The piece of plastic was a brass deflector.  The M-16 rifle ejects its brass out the right side of the rifle.  I spent the next several weeks suffering burns to various parts of my body because hot sparks and brass ejected into my face, and bounced into my BDU coat, along with various other parts of my body.  Such distractions cost me an expert marksman badge because twice I needed to lift my right arm to brush away flaming hot brass that rested between my arm and the sand bag.

So entrenched was the right handed mentality by the time I reached early adulthood that when I took up golf in my late twenties, I didn’t even consider buying left handed gloves.  I am convinced that the reason my slice will not go away is because my right side does not have a clue what it is supposed to do.

Remember the “rifle lab?”

There are challenges writing with a left hand.  Leonardo da Vinci wrote backwards to avoid smearing the ink across the page.  For twelve years, the heel of my left hand was a smeared grey from pencil graphite.  Often, so was the artwork I was working on.  I was a pencil guy, and did not much care for ink.  Probably should have rethunk that.  Writing on a whiteboard…forget it!
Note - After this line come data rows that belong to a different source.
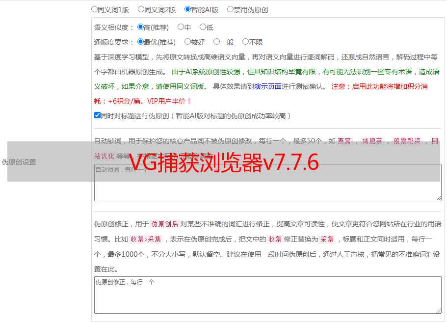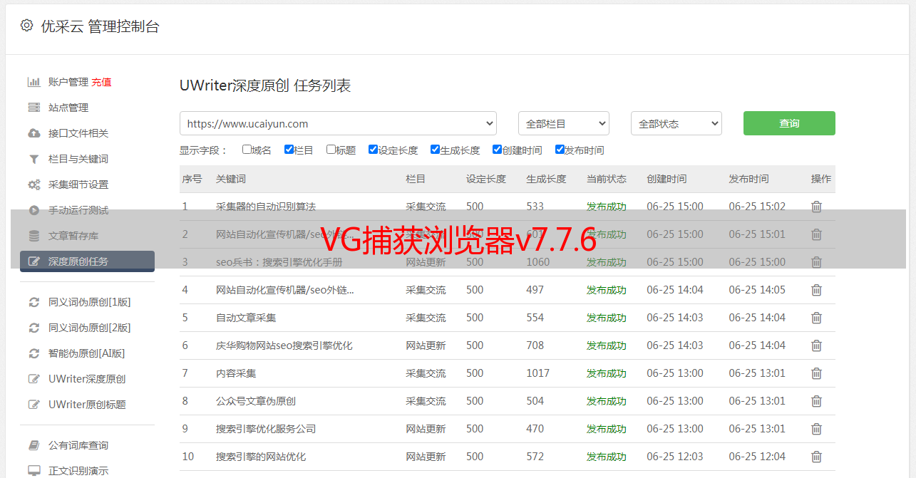 优采云 发布时间: 2020-08-07 21:19VG浏览器中收录三合一的集合浏览器,营销工件和可视脚本驱动的Web工具. 使用此软件,就等于同时拥有三个软件. 用户可以设置脚本来实现自动登录,识别验证码,自动抓取数据,单击网页,下载文件,操纵数据库,发送和接收电子邮件以及其他操作. 软件中的所有功能均可自由组合. 您还可以使用该软件编写独特的脚本来协助您的工作,也可以生成单独的EXE程序进行出售.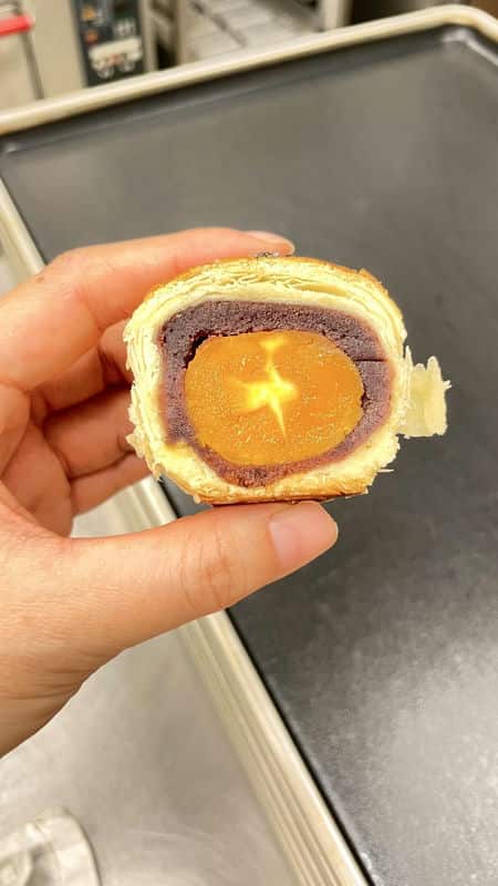 晴天菓子的蛋黃酥有一個讓人無法抗拒的酥脆外皮,咬下去的瞬間,那層層酥鬆的口感就像是味蕾在跳舞,而裡面的紅豆沙餡則是綿密得讓人滿足。最讓人驚艷的,是那鹹香的蛋黃,完美地和紅豆沙融合在一起,讓整個蛋黃酥充滿層次感。這一切都要歸功於灑上的法國鹽之花,為整體口感增添了鹹香的豐富層次。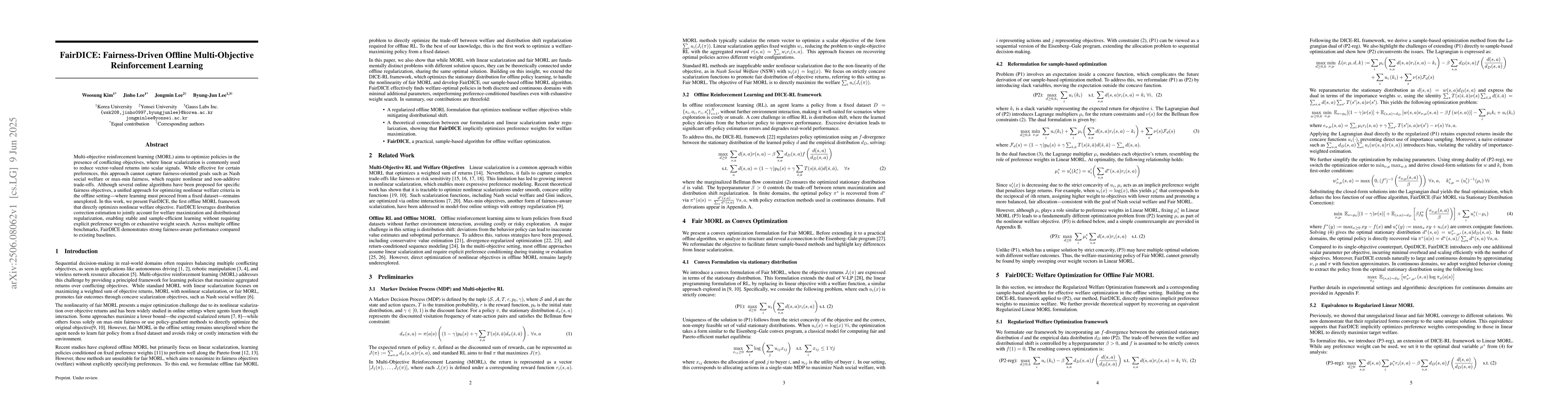 FairDICE is an offline multi-objective reinforcement learning framework that optimizes nonlinear welfare objectives without requiring explicit preference weights or exhaustive weight search. It demonstrates strong fairness-aware performance compared to existing baselines in multiple offline benchmarks.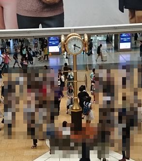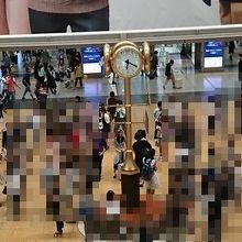 JR名古屋駅中央コンコースの桜通口側にある金色の時計です。エスカレーターが4基並んだ前にありますのでとても目立ちます。待ち合わせスポットとして有名で、反対側の太閤通口側には「銀の時計」がありますのでお間違えのないように!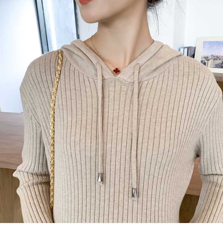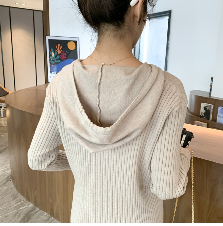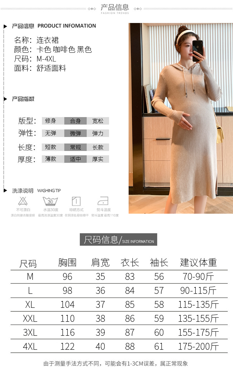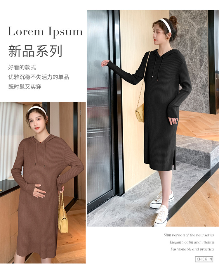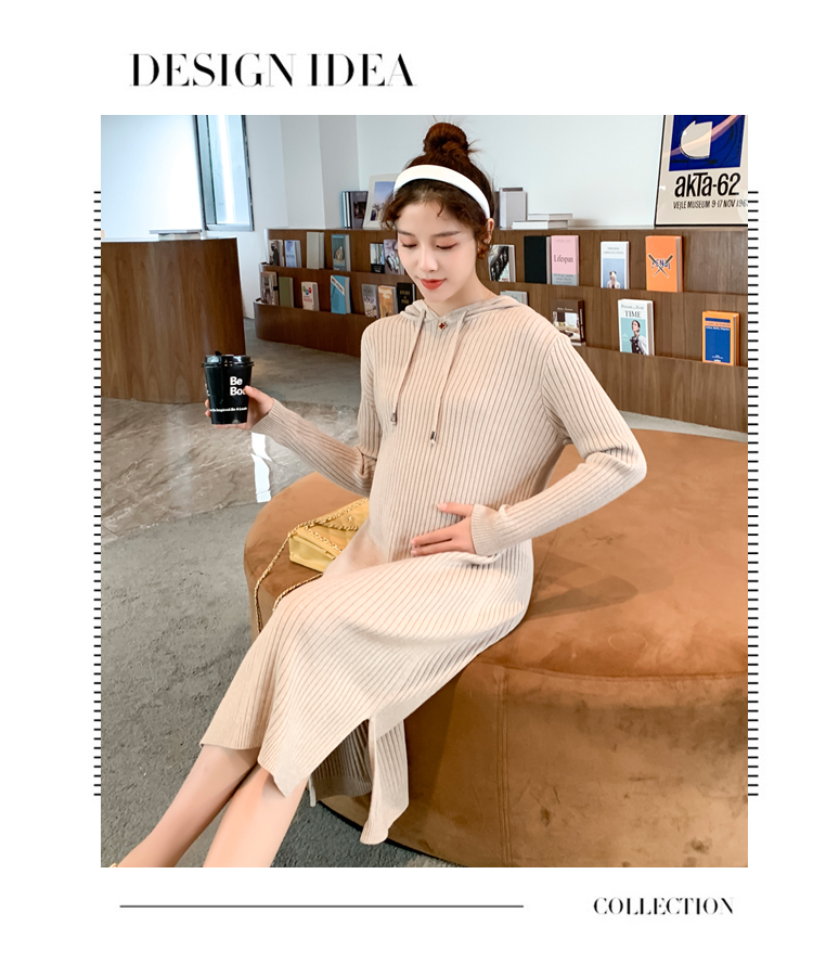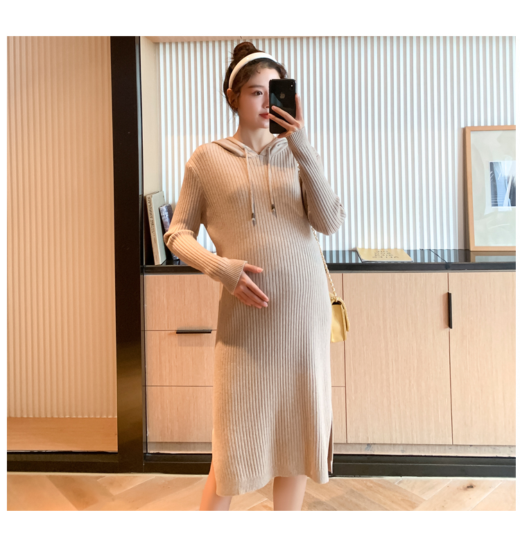 实拍现货2020秋冬新款孕妇过膝连帽针织宽松显瘦大码胖mm包芯纱连衣裙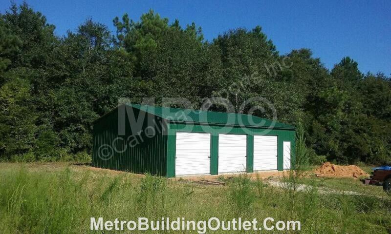 24X45X12 GARAGE / SHOP #G242, VERTICAL STYLE ROOF, VERTICAL SIDES, FULLY ENCLOSED, (1)WALK IN DOORS, (3)10X10 GARAGE DOORS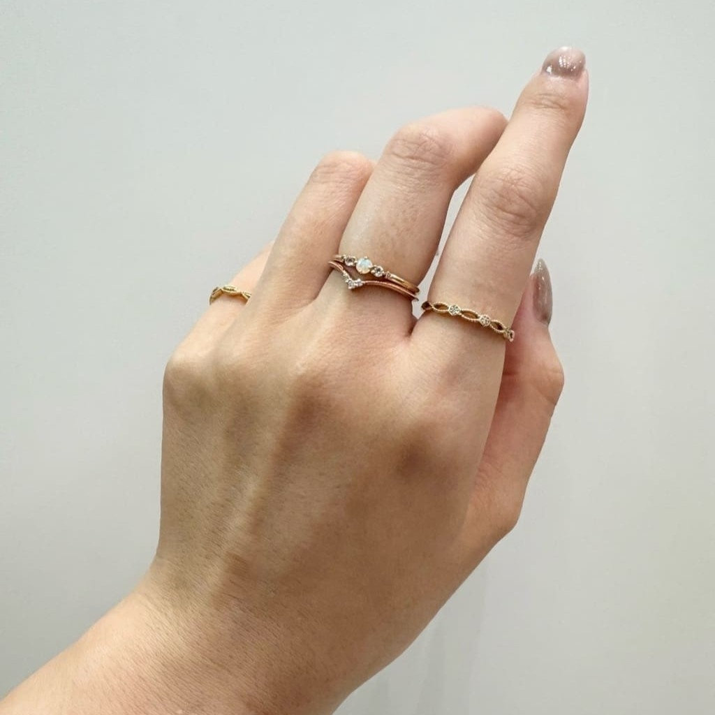 オパールのあたたかい輝き方に合わせて、V字のリングはピンクゴールドのアイテムを合わせてみました🍀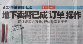 在2007年3月15日的《半岛都市报》A20版报道了这样一条消息“地下卖肾已成‘订单’操作”。其实中共在全国建造了大约三十多个地下秘密集中营用来活体摘取法轮功学员的器官,规模之大,的确已成为“订单”操作。这早已成为中共恶党一庞大的赢利工程。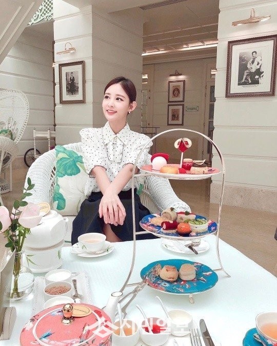 박유라는 자신의 인스타그램에 "여행의 마지막 일정은 #AuthorsLounge #애프터눈티 #만다린오리엔탈 호텔 안에 있는 곳인데, 여기에 와보고 싶어서 겸사겸사 룸을 예약했어요 딱 사진으로 봤던 것처럼 화사하고 샤랄라한 느낌"이라는 글과 함께 한 장의 사진을 게재했다.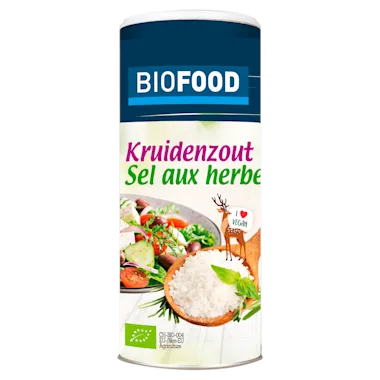 Het kruidenzout van Biofood is een mengeling van zorgvuldig geselecteerde biologische groenten, kruiden en ongeraffineerd zeezout. Deze volledig natuurlijke kruidenmix vormt een ideale vervanger voor gewoon geraffineerd keukenzout.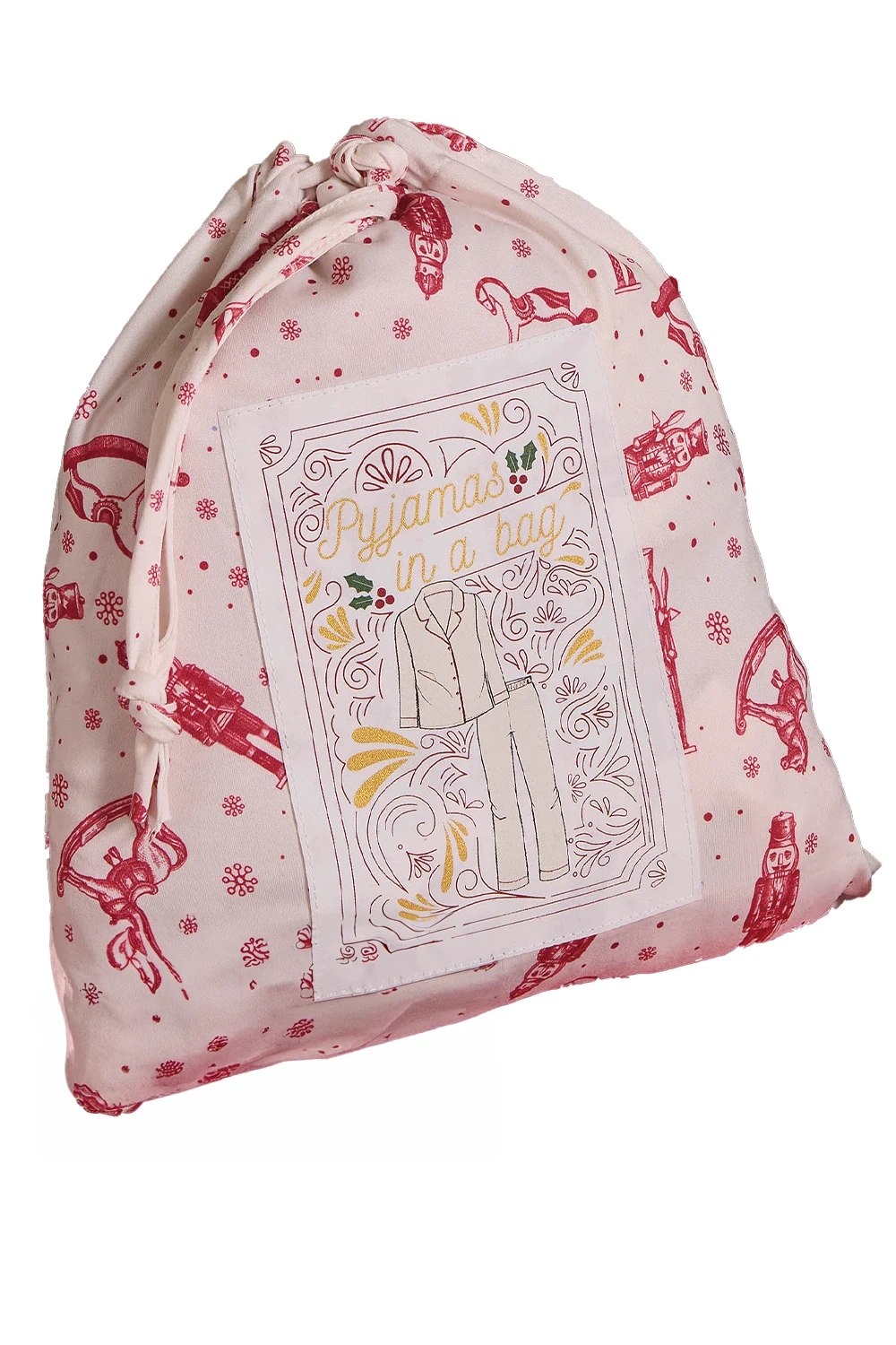 Woreczek prezentowy w komplecie – Tkaninowy woreczek z nadrukiem – świetny dodatek prezentowy, który podkreśla wyjątkowy charakter tej piżamy. Alisee to doskonały wybór na świąteczny upominek – estetyczny, praktyczny i pełen świątecznego uroku.

However, the designer of the helicopter was kind enough to put the collective (look it up) on the left side, making writing with the proper hand easy.  Meanwhile, my right-handed stick buddies suffered as a result of this farsighted design element.  In fact, one of two scary moments in my life was when my right-handed stick buddy took his left hand off the collective to check something.

Curious, about the story…please read it.

I can do many things with both hands.

  • Drink my coffee
  • Cut a line with a paint brush
  • Write with a pen or pencil, though my left is better, mostly because of all the practice it gets
  • Manipulate the computer mouse

Recently, I made the decision to change everything over to left hands.  When I took up snowboarding, I went “goofy.”  I moved the mouse to the left side of my desk and when I remember, attempt to eat with my left hand.  The latter is much more difficult than I imagined.  Apparently decades of practice has its advantage.

I am shooting for one hundred years on this planet, just so I can live as many years as  true lefty than did as a sometimes lefty.